Maybe that's a bad example because Joe the Plumber is from Ohio and almost certainly is a Cleveland Indians fan, which means that nobody really cares what he thinks, but you get the idea. The Rays are exactly what America and Major League Baseball need right now.
They are the baseball embodiment of the American Dream. The little expansion team that could. The first major league team managed by a librarian. I'm just glad there aren't any more debates because you know both presidential candidates would be climbing over each other to use "Joe the Manager" as some kind of symbol for their vision of the future of our great nation.
The Rays have come out of nowhere, lifting themselves to the top of the American League after spending almost their entire history at the bottom of the standings. They are the team from Hope. They are the nice guys who finally didn't finish last. They are the team that really does taste great and really is less filling at the same time.

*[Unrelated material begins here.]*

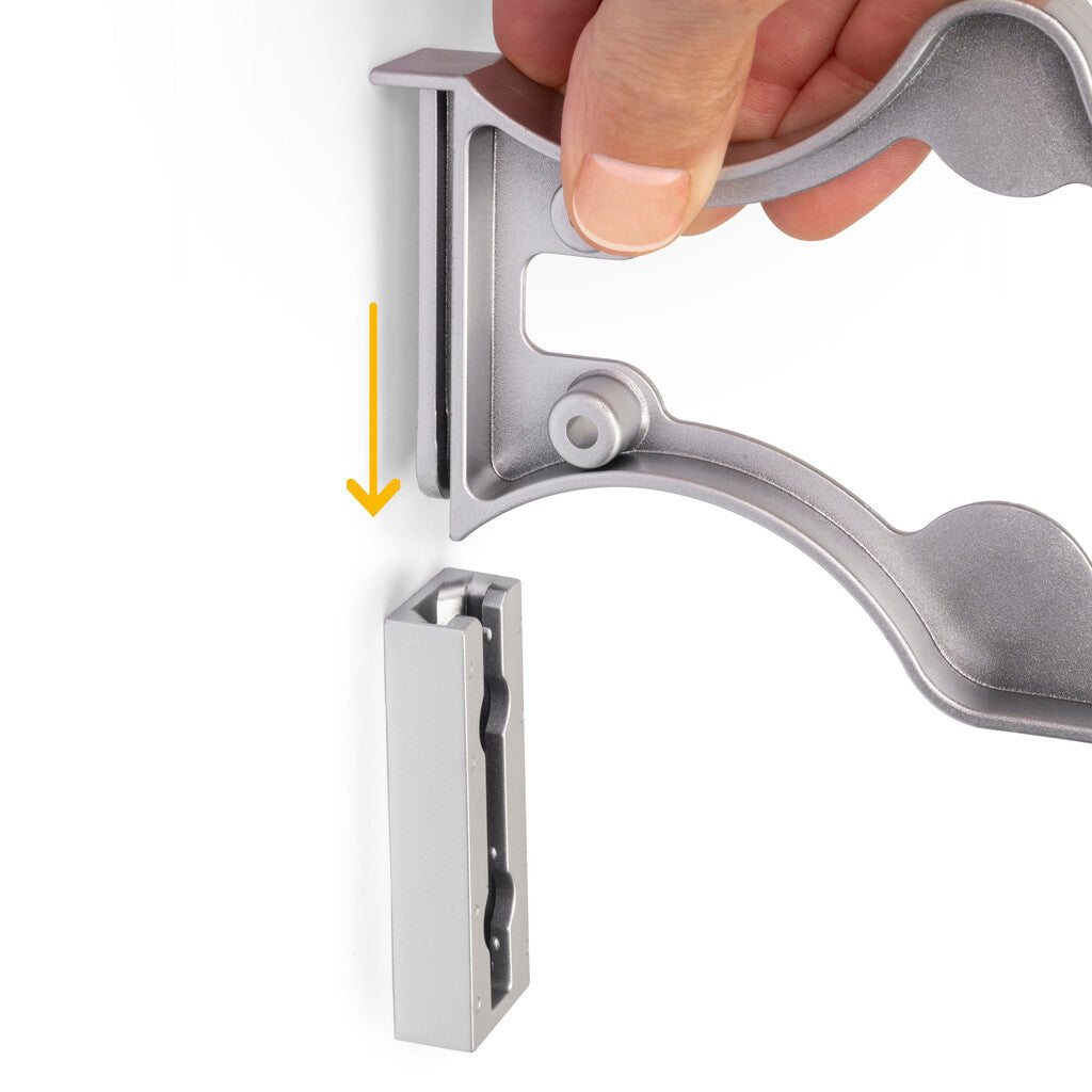 - Prodotto in acciaio cromato e plastica con finiture grigio metallizzato.

No disrespect to the Philadelphia Phillies and their legion of fatalistic fans. They had a great season, and they dispatched the National League West-champion Los Angeles Dodgers faster than the Eagles can blow a 10-point lead in a must-win game. They've got a nice-guy manager, too, and they've got some fresh young players who are going to look good on the national stage. They just aren't the rags-to-riches Rays.

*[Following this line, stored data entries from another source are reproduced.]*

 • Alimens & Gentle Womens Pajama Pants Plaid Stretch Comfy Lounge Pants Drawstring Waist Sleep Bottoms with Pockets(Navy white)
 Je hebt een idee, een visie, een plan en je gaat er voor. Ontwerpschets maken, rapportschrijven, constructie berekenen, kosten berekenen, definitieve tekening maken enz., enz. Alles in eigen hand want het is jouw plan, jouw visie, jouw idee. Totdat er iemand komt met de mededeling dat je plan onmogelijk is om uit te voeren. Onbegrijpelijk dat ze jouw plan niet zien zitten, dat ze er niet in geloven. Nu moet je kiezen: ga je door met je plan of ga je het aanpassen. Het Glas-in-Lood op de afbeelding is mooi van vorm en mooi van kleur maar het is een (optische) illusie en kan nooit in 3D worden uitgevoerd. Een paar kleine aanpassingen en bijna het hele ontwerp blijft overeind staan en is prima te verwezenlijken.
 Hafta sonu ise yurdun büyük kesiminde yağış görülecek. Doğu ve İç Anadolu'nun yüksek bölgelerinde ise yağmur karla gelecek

The Phillies actually have a payroll ... and a history that dates before the Clinton administration. Who cares about that? If I wanted to see one of the old-guard, $100 million teams win the World Series, I wouldn't have sat around biting my nails during the final two games of the AL Championship Series. I would have just rooted for the Boston Red Sox and hoped that if I spent the rest of my life helping the weaker members of society, God would eventually forgive me.